Below are some records; output exactly the lines from the line with "513 MOZZARELLA SANTA" to the line with "佩戴口罩及防 疫帽，使面授 課堂更安心。", both ends kept, and nothing more.

■ DATA SUPPLIED
=-=-=-=-=

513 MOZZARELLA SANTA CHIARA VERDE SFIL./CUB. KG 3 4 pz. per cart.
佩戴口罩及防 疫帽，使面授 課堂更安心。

=-=-=-=-=

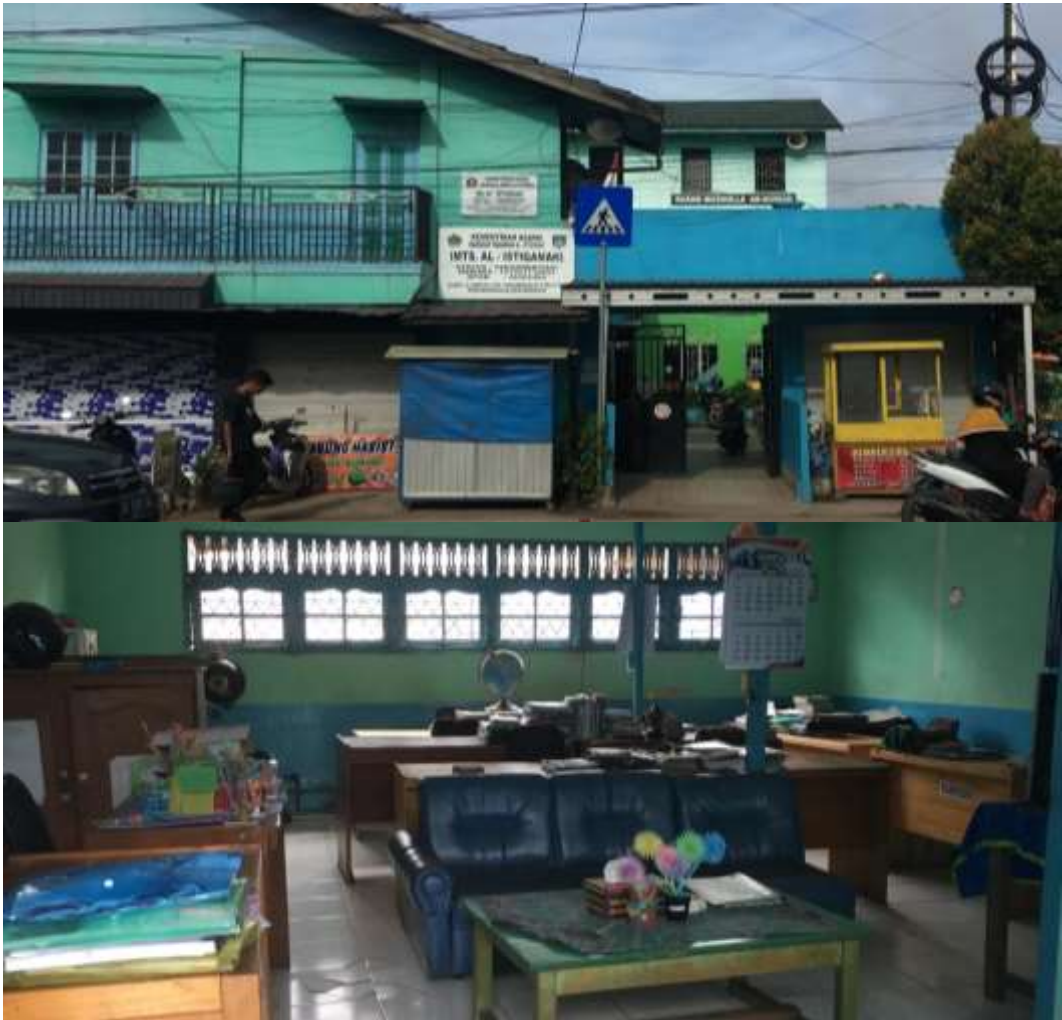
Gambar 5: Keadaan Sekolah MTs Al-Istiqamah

=-=-=-=-=

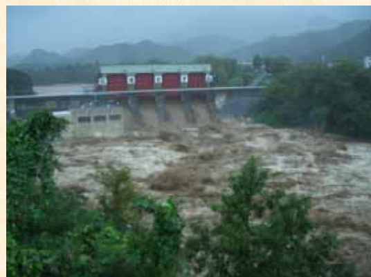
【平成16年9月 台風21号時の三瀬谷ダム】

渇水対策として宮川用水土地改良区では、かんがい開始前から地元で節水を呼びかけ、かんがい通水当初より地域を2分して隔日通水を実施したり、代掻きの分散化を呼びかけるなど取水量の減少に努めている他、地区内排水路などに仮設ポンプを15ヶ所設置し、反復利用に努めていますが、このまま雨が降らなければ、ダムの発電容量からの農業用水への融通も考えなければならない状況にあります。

=-=-=-=-=

■ ANSWER TO THE EXERCISE
513 MOZZARELLA SANTA CHIARA VERDE SFIL./CUB. KG 3 4 pz. per cart.
佩戴口罩及防 疫帽，使面授 課堂更安心。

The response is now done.